## What you are asked to do
Leave out the pictures and retype, exactly, the lines below from the line with "정말 main에서 ESP에" up to and including the line with "对家庭办公室来说,符合个人习", nothing more.

━━━━

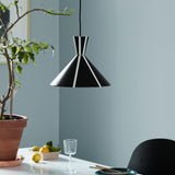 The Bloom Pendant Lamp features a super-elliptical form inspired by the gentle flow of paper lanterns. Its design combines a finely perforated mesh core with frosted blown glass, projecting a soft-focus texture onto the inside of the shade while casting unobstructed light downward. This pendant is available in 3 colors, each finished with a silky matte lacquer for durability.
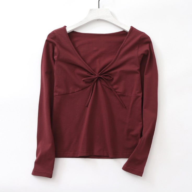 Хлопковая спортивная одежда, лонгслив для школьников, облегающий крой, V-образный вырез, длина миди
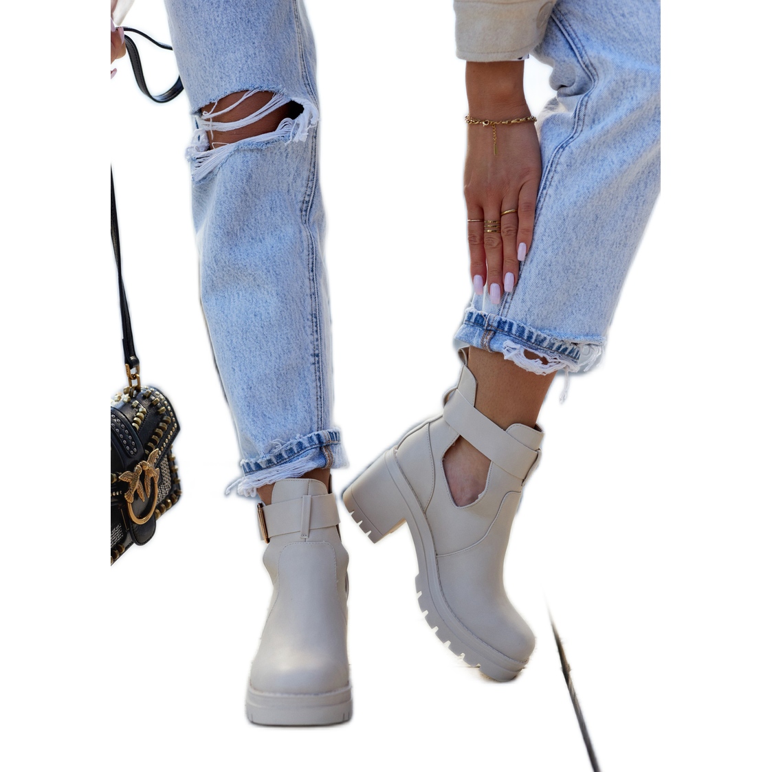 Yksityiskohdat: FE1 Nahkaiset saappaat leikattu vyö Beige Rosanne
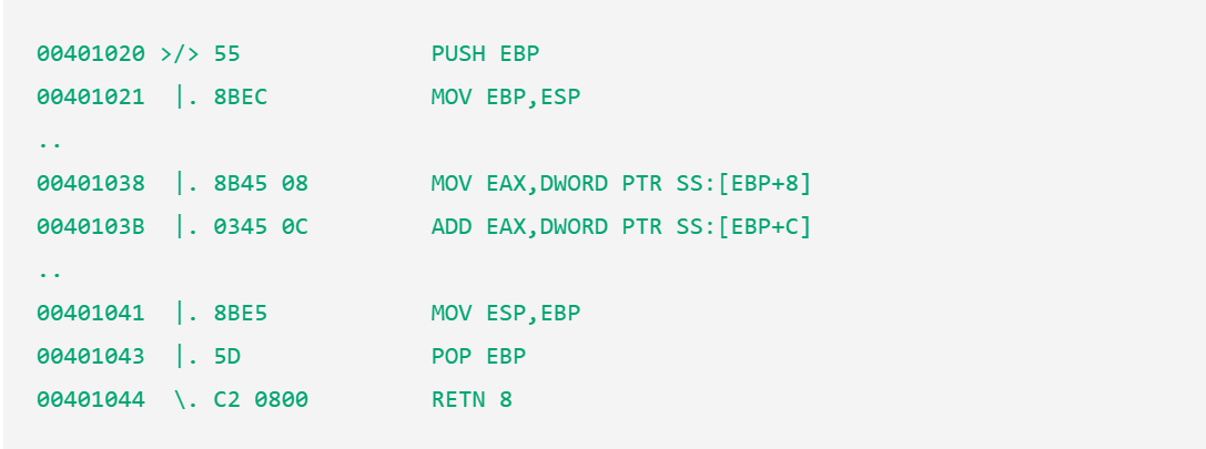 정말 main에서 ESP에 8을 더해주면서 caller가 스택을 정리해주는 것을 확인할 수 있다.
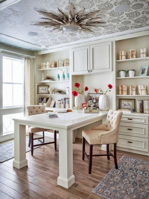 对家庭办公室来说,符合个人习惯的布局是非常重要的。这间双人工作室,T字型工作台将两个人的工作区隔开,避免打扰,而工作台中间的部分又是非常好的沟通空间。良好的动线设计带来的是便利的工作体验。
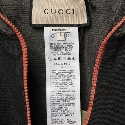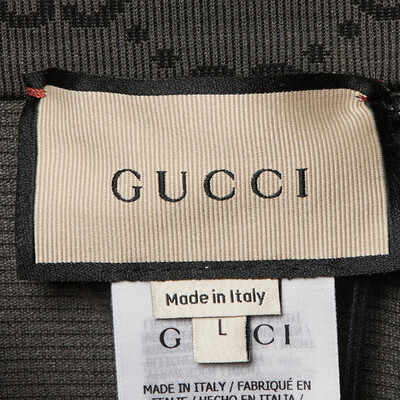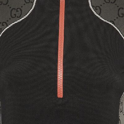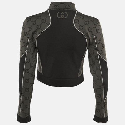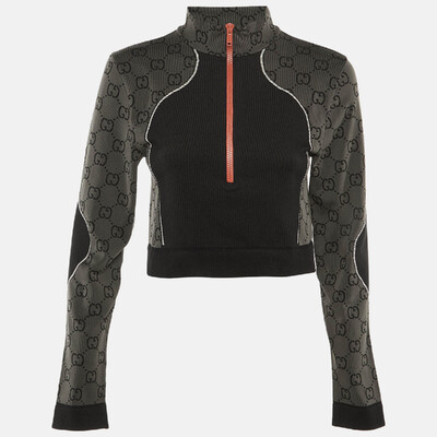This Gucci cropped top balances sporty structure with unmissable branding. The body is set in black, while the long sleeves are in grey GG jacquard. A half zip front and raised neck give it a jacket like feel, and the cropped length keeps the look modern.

━━━━

## Result of this exercise
 정말 main에서 ESP에 8을 더해주면서 caller가 스택을 정리해주는 것을 확인할 수 있다.
 对家庭办公室来说,符合个人习惯的布局是非常重要的。这间双人工作室,T字型工作台将两个人的工作区隔开,避免打扰,而工作台中间的部分又是非常好的沟通空间。良好的动线设计带来的是便利的工作体验。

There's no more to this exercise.